L, Steve HILLAGE (1976) : le guitariste des étoiles
Steve Hillage est l’un des guitaristes les plus singuliers de toute la scène progressive britannique des années soixante-dix. Passé par Kevin Ayers, par Gong (le groupe de rock cosmique franco-britannique de Daevid Allen), il a développé un style de guitare immédiatement reconnaissable : lyrique, psychédélique, avec un usage du sustain et de l’effet de phaser qui crée des sons presque orchestraux. L, son deuxième album solo sorti en 1976 chez Virgin Records et produit par Todd Rundgren aux États-Unis, est son oeuvre la plus accomplie et la plus accessible.
Todd Rundgren et la production transatlantique
Le choix de Todd Rundgren comme producteur est étonnant et parfait à la fois. Rundgren, qui dirige son propre studio Utopia à Woodstock, New York, est à la fois un producteur exceptionnel (il a travaillé avec Badfinger, le New York Dolls, Meat Loaf) et un musicien expérimental dans sa propre carrière. Il comprend intuitivement ce que Hillage cherche : une production qui laisse respirer la guitare, qui donne aux textures psychédéliques l’espace qu’elles demandent sans les écraser sous une production trop lourde.
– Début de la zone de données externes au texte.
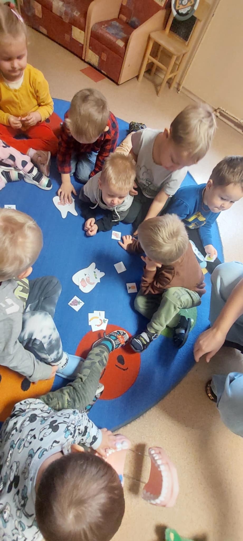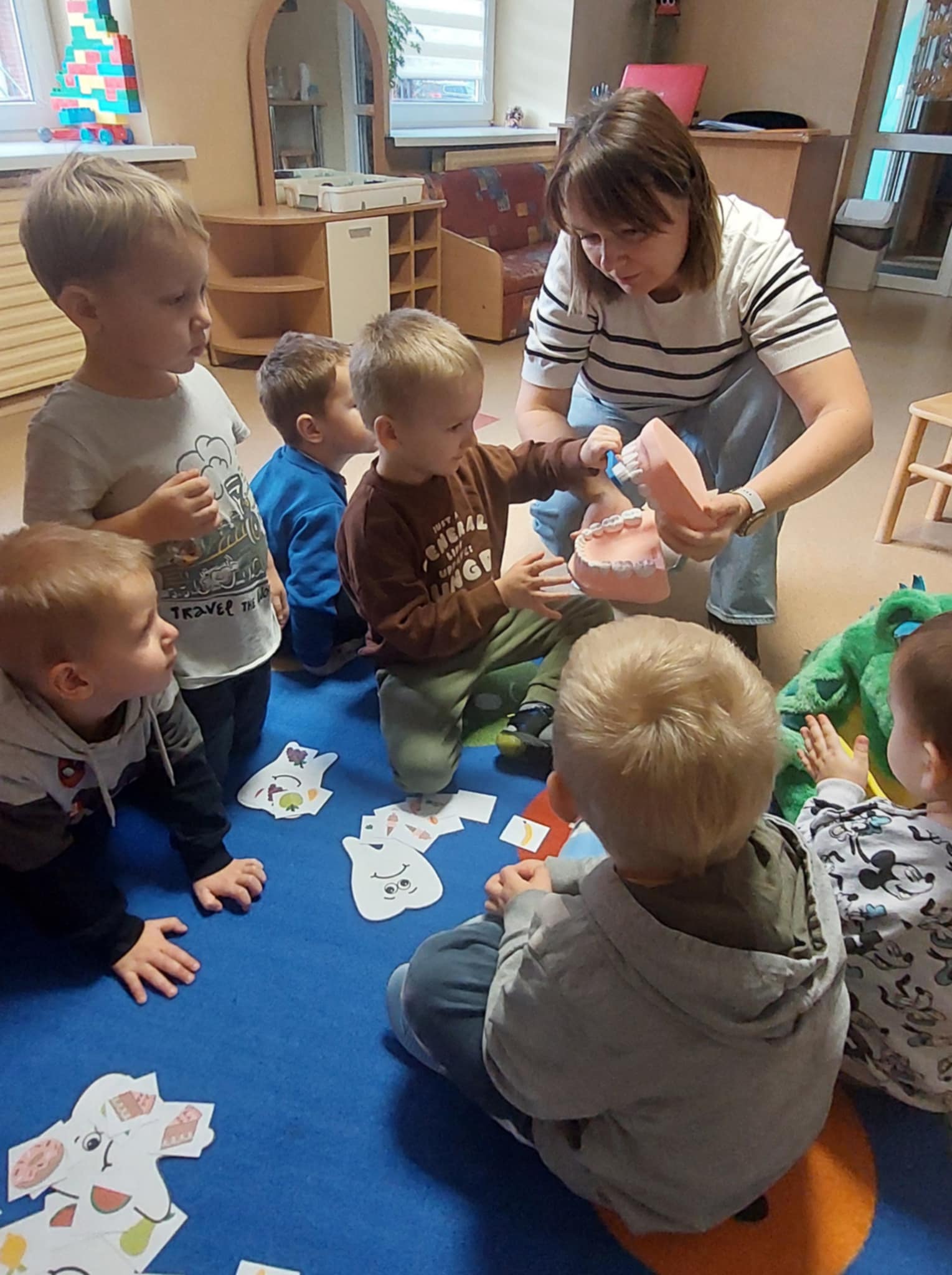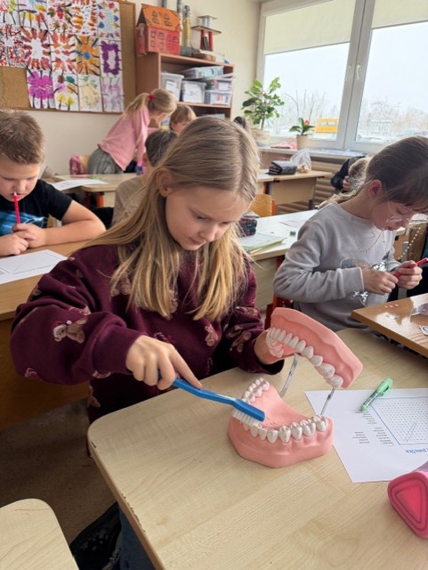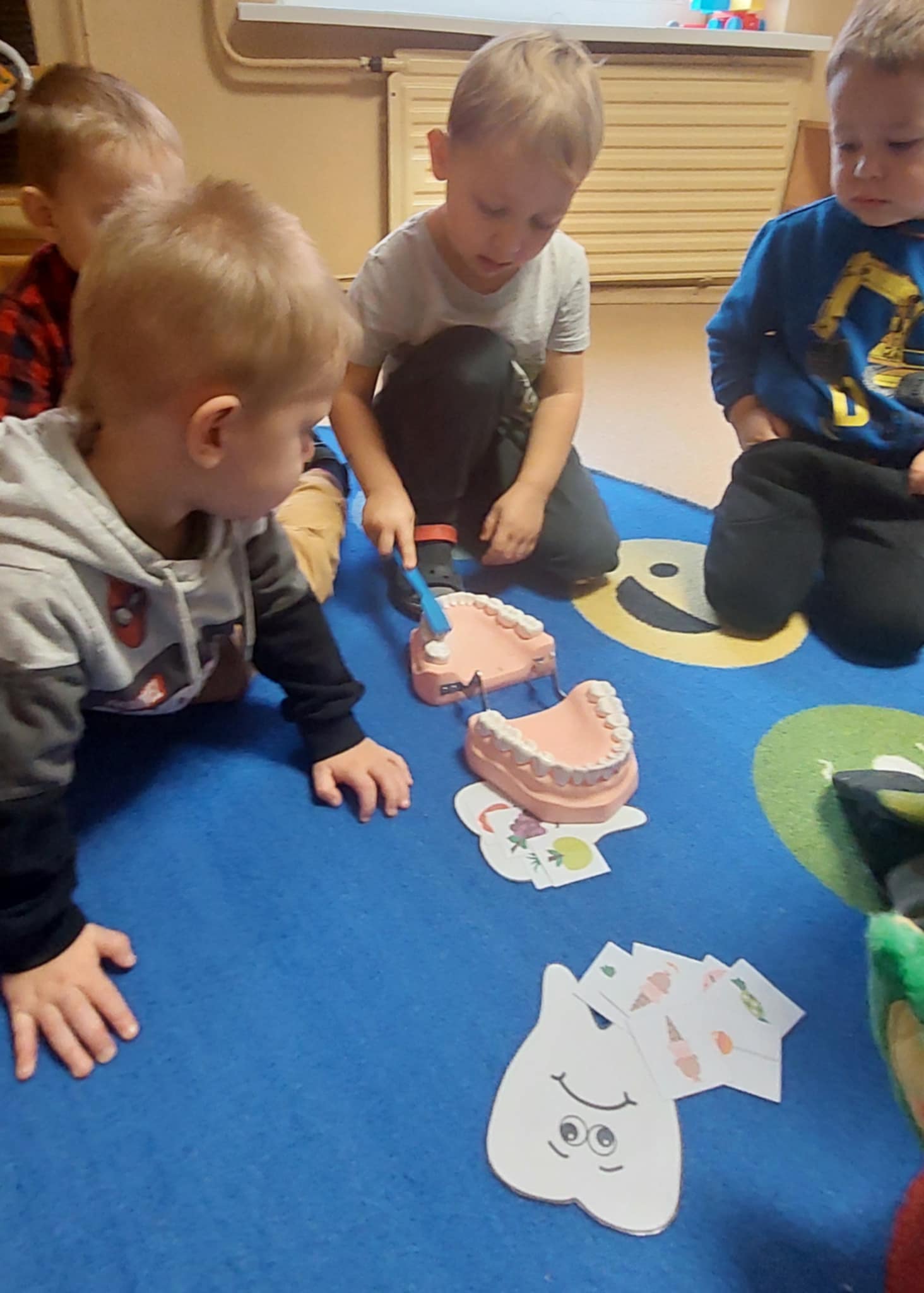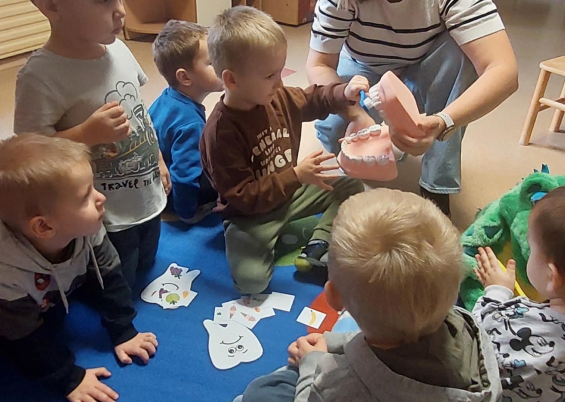 Kalbėjome apie tai, kas yra sveiki dantukai, kodėl jie kartais gali skaudėti ir kaip būtų galima to išvengti. Vaikai apžiūrėjo didelį, žaislinį dantų modelį ir specialų milžinišką šepetuką – taip jie mokėsi taisyklingų valymo judesių, suprato, kad dantis reikia valyti ne tik iš priekio, bet ir iš užpakalinės pusės, taip pat nepamiršti liežuvio.

Les sessions se passent aux studios de Rundgren à Bearsville. L’ambiance est collaborative et détendue, loin des pressions des studios commerciaux londoniens. Cette liberté s’entend dans la musique : les arrangements sont inventifs, les solos s’allongent naturellement quand ils en ont besoin, les transitions entre les sections sont fluides plutôt que forcées.
La guitare cosmique de Hillage
Le jeu de guitare de Steve Hillage sur L est une démonstration de ce que l’instrument peut faire quand il est libéré des conventions du rock traditionnel. Hillage utilise le sustain comme dimension mélodique : les notes s’allongent, se transforment, se fondent dans les nappes de synthétiseur que Miquette Giraudy (sa collaboratrice musicale et compagne de vie) apporte à la texture sonore.
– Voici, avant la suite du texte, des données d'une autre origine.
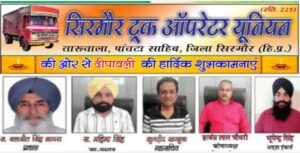 सिरमौर ट्रक आपरेटर यूनियन की ओर से आप सभी को हार्दिक शुभकामनाएं, दीपावली के शुभ अवसर पर आप सभी स्वस्थ रहें सुरक्षित रहें ऐसी हम कामना करते हैं।
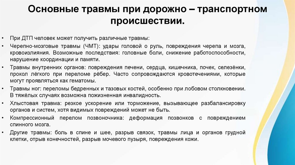 При ДТП человек может получить различные травмы:
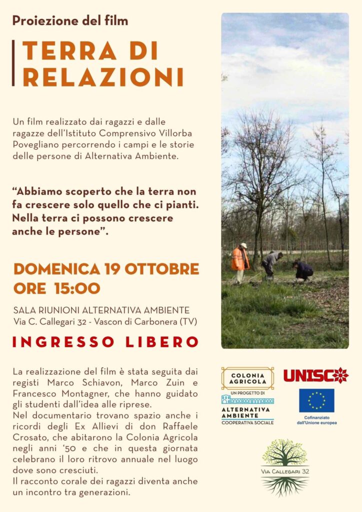 Terra di Relazioni, documentario studenti, Colonia Agricola Carbonera, evento culturale Treviso, UNISCO Roma, educazione audiovisiva, proiezione film Treviso,
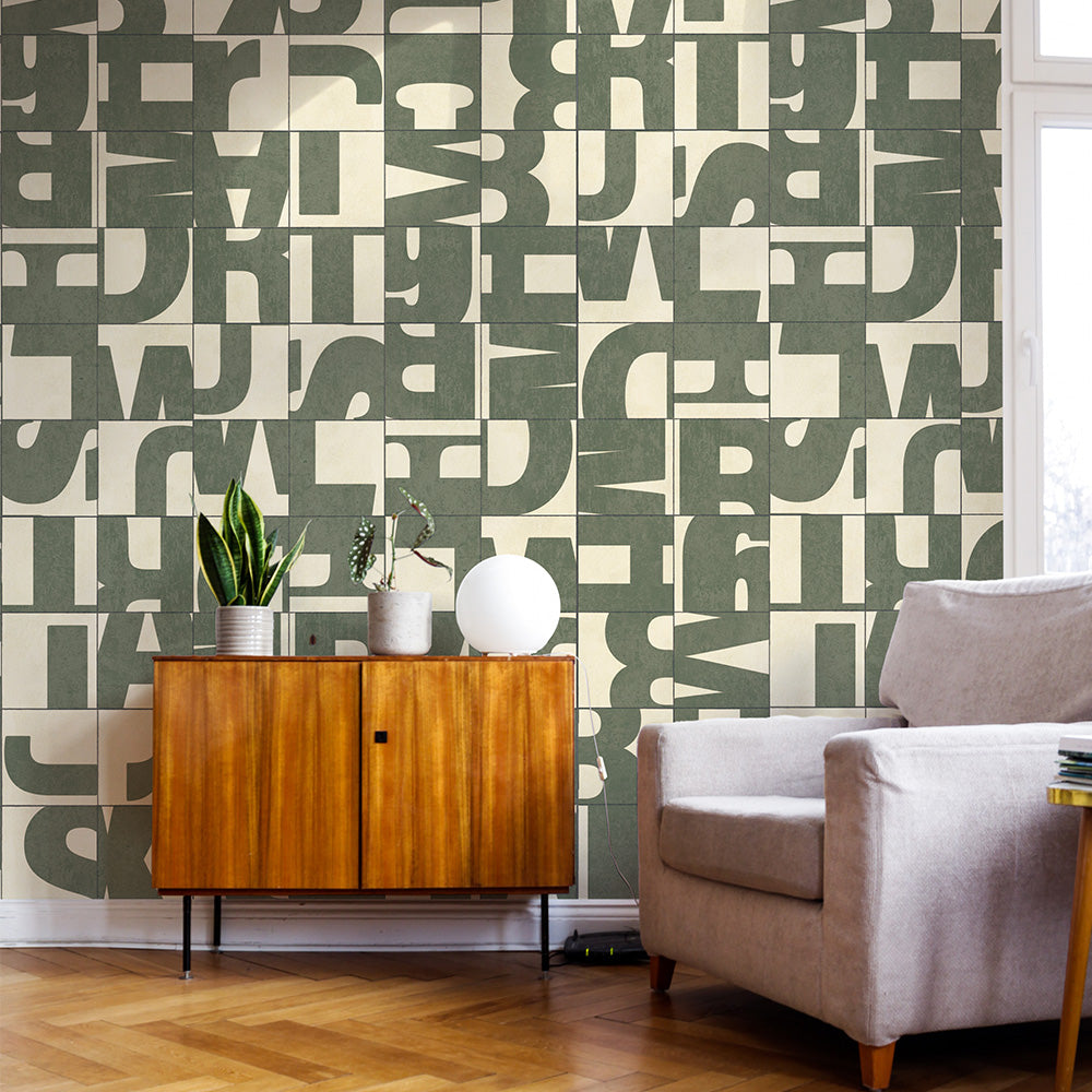 水だけで貼れる壁紙 Hattan ハッタン WALLN レターブロック カーキ HLB-03 6枚セット
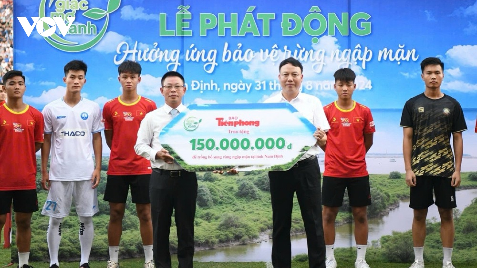 VOV.VN - Mới đây, trong khuôn khổ trận Siêu Cúp bóng đá Quốc gia 2023/2024 tổ chức tại sân Thiên Trường, Nam Định, Báo Tiền Phong phối hợp với Sở Nông nghiệp và Phát triển Nông thôn Nam Định tổ chức Lễ phát động trồng và bảo vệ rừng ngập mặn trên địa bàn tỉnh.
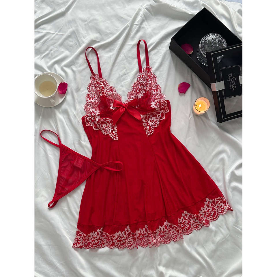 Green Lace Sleepwear Set Women's XL Elegant Romantic Strap Robe Lingerie Fashionable Sexy Nightwear
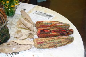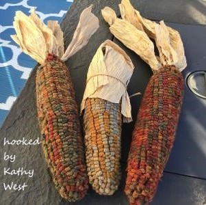 Dimensional Corn pattern by P is for Primitive. This pattern is on your choice linen with edges serged. A good way to use up your stash too! Embellishments are fun to add, such as Arctic Rays or Metallic Yarn for a 3D effect.

L’effet de phaser donne à sa guitare une qualité quasi-orchestrale : les sons semblent tourner dans l’espace sonore, se déplacer d’une oreille à l’autre dans le casque, créer une tridimensionnalité qui est une des expériences d’écoute les plus distinctives de toute la musique progressive de l’époque.
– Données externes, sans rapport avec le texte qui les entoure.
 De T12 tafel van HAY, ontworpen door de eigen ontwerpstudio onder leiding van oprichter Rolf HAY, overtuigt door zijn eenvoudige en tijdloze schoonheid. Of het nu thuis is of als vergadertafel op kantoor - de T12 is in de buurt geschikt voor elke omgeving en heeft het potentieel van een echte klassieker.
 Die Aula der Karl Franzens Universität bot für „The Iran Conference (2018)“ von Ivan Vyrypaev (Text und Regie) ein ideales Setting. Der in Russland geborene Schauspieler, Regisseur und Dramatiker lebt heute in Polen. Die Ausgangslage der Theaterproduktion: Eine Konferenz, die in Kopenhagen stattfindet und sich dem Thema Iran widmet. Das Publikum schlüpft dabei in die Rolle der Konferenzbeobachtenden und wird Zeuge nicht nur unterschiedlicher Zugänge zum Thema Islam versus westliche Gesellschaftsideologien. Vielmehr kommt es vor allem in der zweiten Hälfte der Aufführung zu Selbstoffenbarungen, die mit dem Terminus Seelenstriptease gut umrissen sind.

Hurdy Gurdy Glissando et la tradition médiévale revisitée
« Hurdy Gurdy Glissando » est l’une des pièces les plus étranges et les plus mémorables de l’album. Elle intègre des références à la tradition musicale médiévale – l’hurdy gurdy est un instrument à cordes frottées à manivelle d’origine médiévale – dans un contexte rock psychédélique. Ce dialogue entre le très ancien et le très moderne est typique de la scène Canterbury dont Hillage est l’un des représentants les plus inventifs.
La scène Canterbury – du nom de la ville anglaise qui a vu naître les groupes fondateurs Soft Machine, Caravan, Hatfield and the North – est l’aspect le plus expérimental et le plus intellectuellement exigeant du rock progressif britannique. Elle partage avec le jazz une façon d’aborder l’improvisation comme conversation musicale, avec une légèreté qui contraste parfois avec le sérieux pesant de certains groupes prog.
L’héritage et le présent
Steve Hillage va poursuivre sa carrière jusqu’à nos jours, collaborant notamment avec System 7, un projet de musique électronique de dance avec lequel il explore les connexions entre la musique psychédélique de sa jeunesse et la culture rave des années quatre-vingt-dix. L est l’album qui reste le point de référence de sa période la plus créative, la démonstration la plus pure de ce que sa guitare singulière peut accomplir.